(What needs to be done): Repeat the data word for word, excluding every picture.

• • • • •

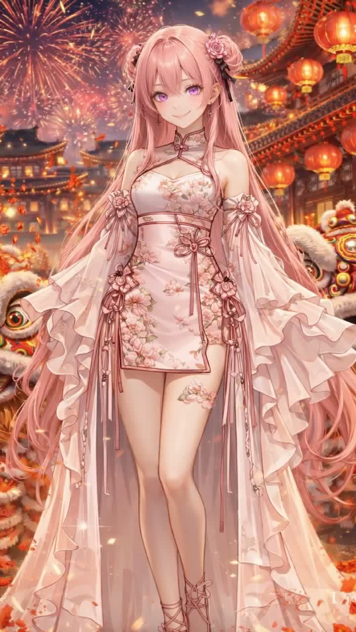 “Traditional Chinese New Year festival music, bright and joyful, featuring guzheng, erhu, dizi, loud drums and gongs, fast tempo, празднич parade atmosphere, energetic and celebratory”
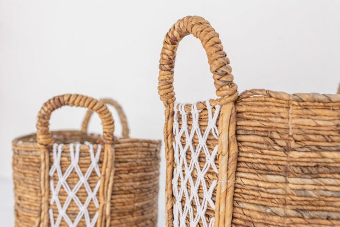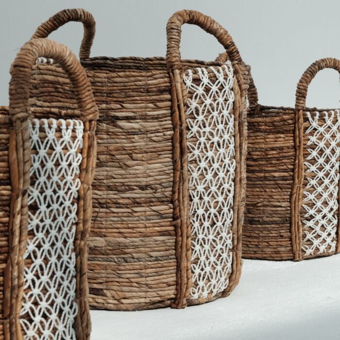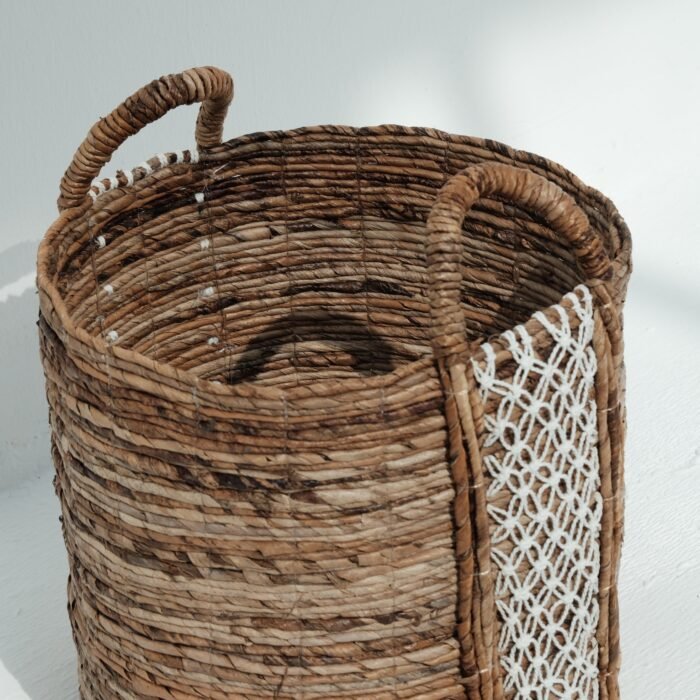 Handmade in Indonesia of 100% banana leaf, open-weave basket features macrame details
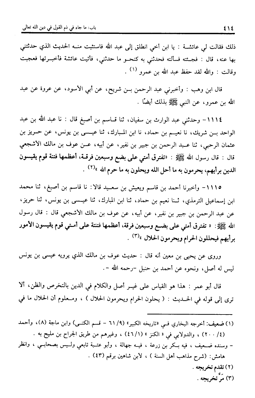1114 - وحدثني عبد الوارث بن سفيان، ثنا قاسم بن أصبغ قال: نا عبد اللّه بن عبد الواحد بن شريك، نا نعيم بن حماد، نا ابن المبارك، ثنا عيسى بن يونس، عن حريز بن عثمان الرحبي، ثنا عبد الرحمن بن جبير بن نفير، عن أبيه، عن عوف بن مالك الأشجعي قال: قال رسول اللّه صلى اللّه عليه وسلم: «تفترق أمتي على بضع وسبعين فرقة، أعظمها فتنة قوم يقيسون الدين برأيهم، يحرمون به ما أحل اللّه ويحلون به ما حرم اللّه».
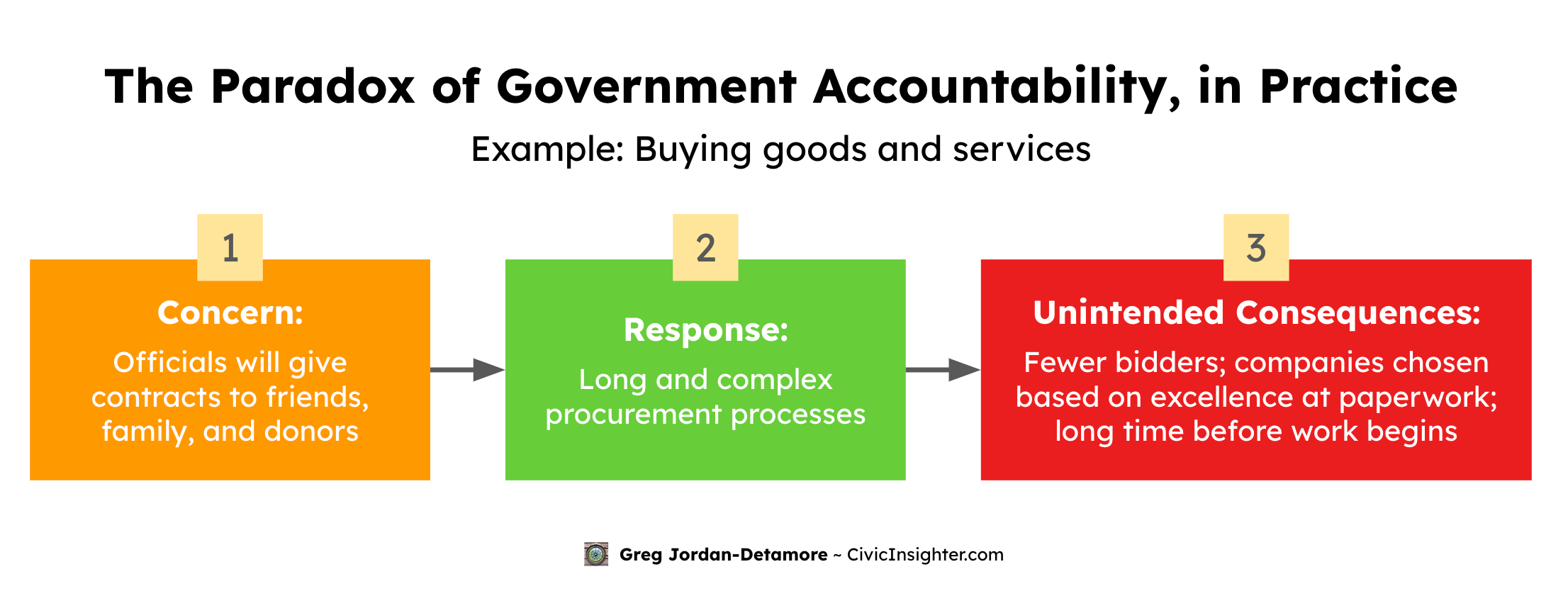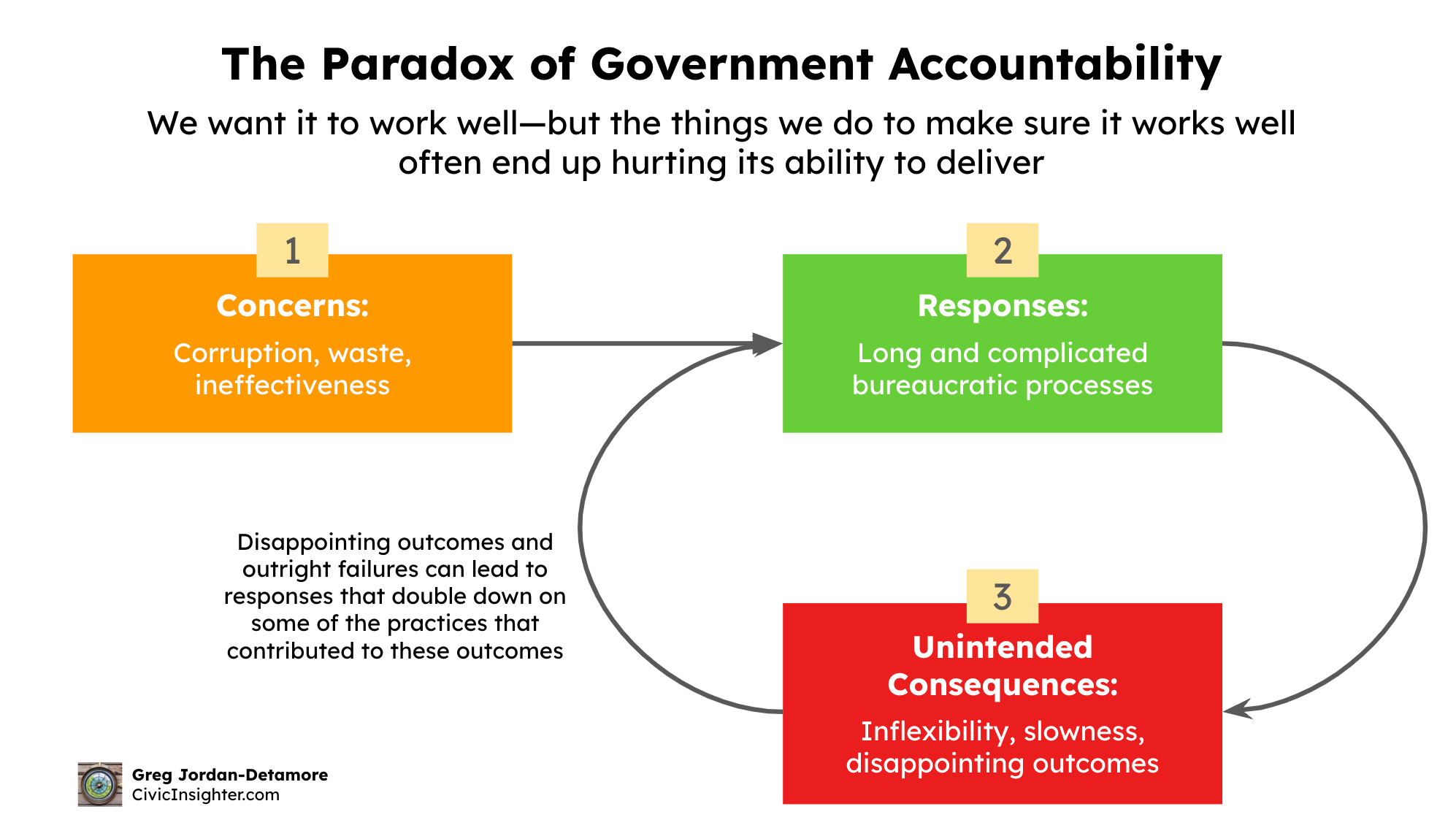 Throughout my career working with governments around the U.S. and elsewhere, I have repeatedly encountered what I now call the Paradox of Government Accountability: Many of the barriers to government efficiency and effectiveness are the result of protections put into place to ensure quality and guard against corruption.
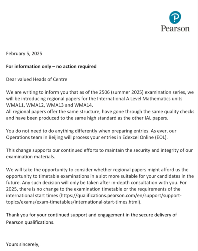 這封信主要表示:自2025年夏季(2506考試系列)起,國際A-Level數學單元WMA11、WMA12、WMA13和WMA14的考試將引入區域試卷。
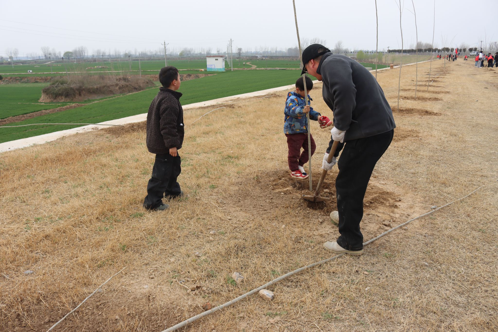植树过程中,附近的村民也纷纷加入进来,村民们带着热情和丰富的种植经验,迅速融入植树队伍中,现场气氛热烈,干劲十足,每个人都在用自己的行动为改善黄河生态环境贡献力量。
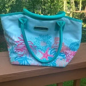 Pretty zipper top insulated bag. Coral, starfish and shells. Interior is orange with shell pattern. One exterior zippered pocket. Pet and smoke free home.
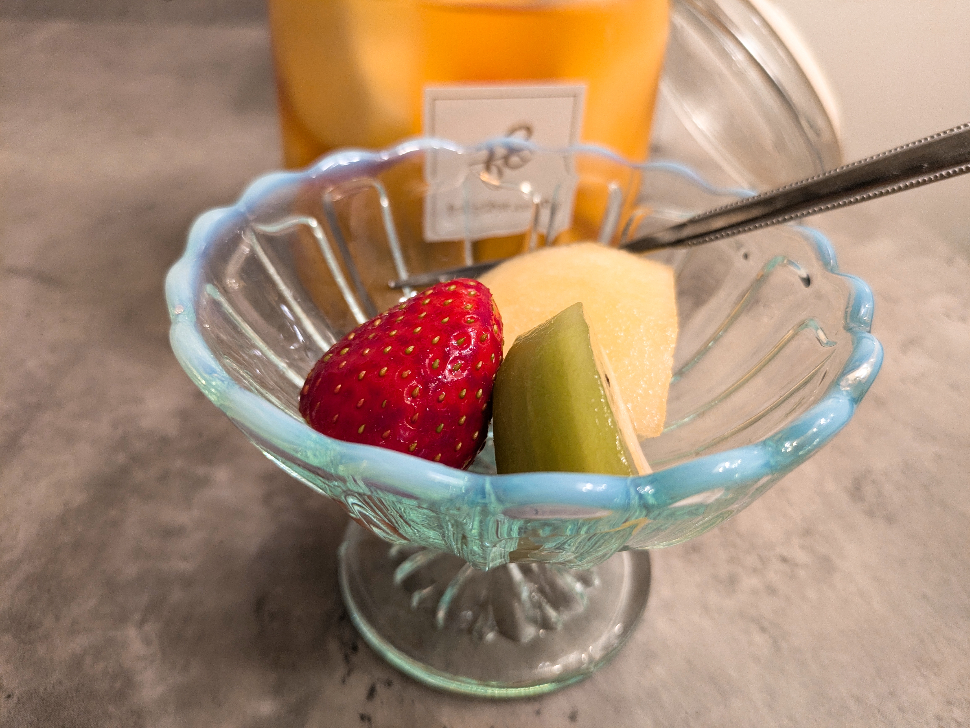 雑味の無いシロップがフルーツの持ち味を引き立てていて、フルーツをそのまま戴くより断然美味しいのです。

• • • • •

(Result for this exercise):
 “Traditional Chinese New Year festival music, bright and joyful, featuring guzheng, erhu, dizi, loud drums and gongs, fast tempo, празднич parade atmosphere, energetic and celebratory”
 Handmade in Indonesia of 100% banana leaf, open-weave basket features macrame details
1114 - وحدثني عبد الوارث بن سفيان، ثنا قاسم بن أصبغ قال: نا عبد اللّه بن عبد الواحد بن شريك، نا نعيم بن حماد، نا ابن المبارك، ثنا عيسى بن يونس، عن حريز بن عثمان الرحبي، ثنا عبد الرحمن بن جبير بن نفير، عن أبيه، عن عوف بن مالك الأشجعي قال: قال رسول اللّه صلى اللّه عليه وسلم: «تفترق أمتي على بضع وسبعين فرقة، أعظمها فتنة قوم يقيسون الدين برأيهم، يحرمون به ما أحل اللّه ويحلون به ما حرم اللّه».
 Throughout my career working with governments around the U.S. and elsewhere, I have repeatedly encountered what I now call the Paradox of Government Accountability: Many of the barriers to government efficiency and effectiveness are the result of protections put into place to ensure quality and guard against corruption.
 這封信主要表示:自2025年夏季(2506考試系列)起,國際A-Level數學單元WMA11、WMA12、WMA13和WMA14的考試將引入區域試卷。
植树过程中,附近的村民也纷纷加入进来,村民们带着热情和丰富的种植经验,迅速融入植树队伍中,现场气氛热烈,干劲十足,每个人都在用自己的行动为改善黄河生态环境贡献力量。
 Pretty zipper top insulated bag. Coral, starfish and shells. Interior is orange with shell pattern. One exterior zippered pocket. Pet and smoke free home.
 雑味の無いシロップがフルーツの持ち味を引き立てていて、フルーツをそのまま戴くより断然美味しいのです。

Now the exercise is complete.